Performance evaluation of the proposed network-based trans-omics approach

We evaluated the performance of our proposed network-based trans-omics methods, Syndrum and SyndrumNET, to identify synergistic drug combinations among 1,488 drugs (Table 1). We focused on six diseases with at least one known synergistic drug combinations (Supplementary Data S6). We compared the prediction performance between the previous method, Syndrum, and SyndrumNET. Note that the previous method corresponds to the use of the network-based separation between drug modules13.

Table 1 Comparison of the AUC between the proposed method and previous methods

SyndrumNET works the best (Table 1). The prediction accuracy increased by 31.4% on average compared with the previous method. In particular, the AUC score for type 2 diabetes is increased 63.4% by SyndrumNET compared with the previous method (Table 1). These results suggest that it is important to consider various biological processes represented by multi-omics data for predicting synergistic drug combinations.

SyndrumNET is superior to Syndrum, which suggests that the enhancement of overlapped genes between the disease module and drug modules contributes to the enhancement of prediction accuracy (Table 1). The use of disease and drug similarities in the network propagation is more useful for predicting synergistic drug combinations.

Comprehensive prediction of new drug combinations for six diseases

Using SyndrumNET, we predicted new synergistic drug combinations for six diseases (Supplementary Data S7). For AML, the top 20 drug pairs with antineoplastic and antihypertensive activity are predicted (Supplementary Data S7). For CML, analgesic, antibiotic, antineoplastic, and vasodilator drugs are among the top 20 (Table 2 and Supplementary Data S7). For colorectal cancer, most of the top 20 drug pairs are known antineoplastic medications (Supplementary Data S7). For asthma, anti-inflammatory drugs are among the predicted top 20 pairs (Supplementary Data S7). For type 2 diabetes, combinations of antihyperlipidemic drugs and a vitamin E supplement, tocopherol, are among the top 20 predicted drugs. In particular, the combination of an antihyperlipidemic drug (gemfibrozil) and supplement (tocopherol), which are commonly used for the treatment of diabetes separately50, are among the top five (Supplementary Data S7). For hypertension, many antineoplastic drug combinations are predicted in the top 20. An antihypertensive drug, zofenopril, and an antineoplastic drug is predicted as the fifth combination (Supplementary Data S7).

Table 2 Predicted drug combinations for CML and the experimental validation results

We examined the prediction results for CML in more detail. The combination of capsaicin and mitoxantrone is predicted to be the top-ranked pair. Mitoxantrone is an antitumor drug used for AML. Furthermore, the combination of topotecan and mitoxantrone is ranked fifth. A preclinical study of CML patients revealed that this combination exhibited modest activity in the accelerated phase of CML51. This suggests that SyndrumNET successfully reproduced a known synergistic drug combination with a high score.
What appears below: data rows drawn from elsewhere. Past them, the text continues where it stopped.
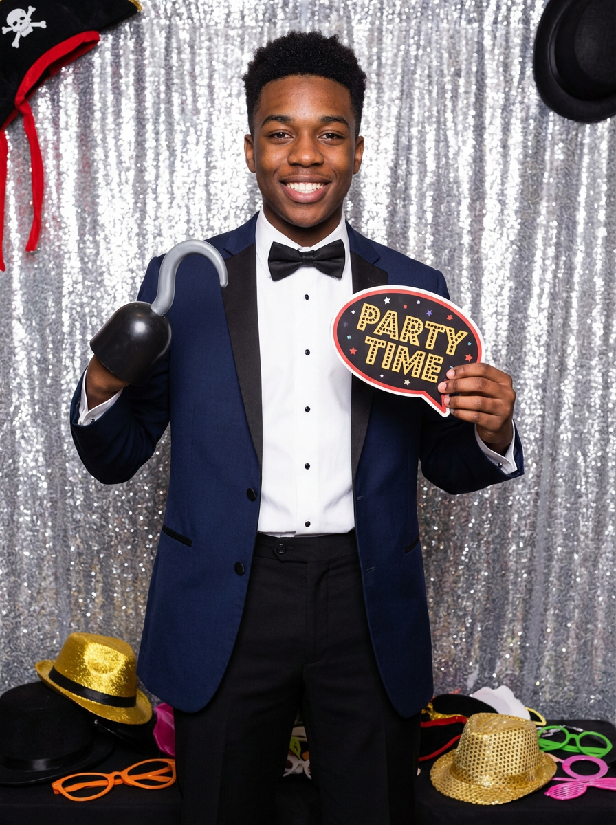 model at prom photo booth, fun props, dapper formal style, playful poses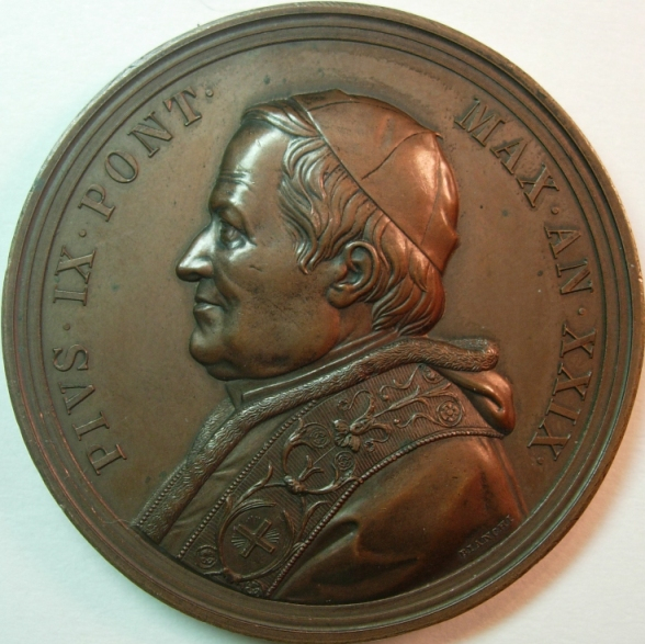 Obverse: Bust of Pius IX facing left, wearing zucchetto, mozzetta, and decorative stole. Around, PIVS IX PONT · MAX ·. Below, I · BIANCHI F ·.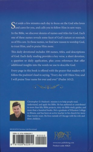In the Bible we discover dozens of titles and names of God, and now you can cherish them all in one devotional! Each name reveals an important attribute of God's nature or reminds us of His care for us. In those names we find new reasons to worship God, to trust Him, and to praise Him more. Dive into 100 easy-to-read devotions that are packed with fresh insights and deepen your understanding of who God is every day!

Drug combinations may exert synergistic effects by targeting specific regions of functional pathways

We examined the relationships between the query disease module and two drug modules with respect to functional pathways in the case of CML, for example. First, we performed a functional pathway enrichment analysis of the genes associated with the CML, capsaicin, and mitoxantrone modules. Using the Syndrum method, 35 pathways including the leukemia-related pathway and the Ras1 signaling pathway are enriched in the CML module (Fig. S3 and Supplementary Data S7). Eleven pathways, such as the p53 signaling pathway, are enriched in the capsaicin module (Fig. S3 and Supplementary Data S7). Fifty-nine pathways, including human T-cell leukemia virus 1 infection, are enriched in the mitoxantrone module (Fig. S3 and Supplementary Data S7). Using the SyndrumNET method, the number of pathways identified in the CML, capsaicin, and mitoxantrone modules are 187, 138, and 145, respectively (Fig. 3a, Fig. S3 and Supplementary Data S7). These results suggest that network propagation increased the diversity of functional pathways enriched in the modules (Fig. 3a).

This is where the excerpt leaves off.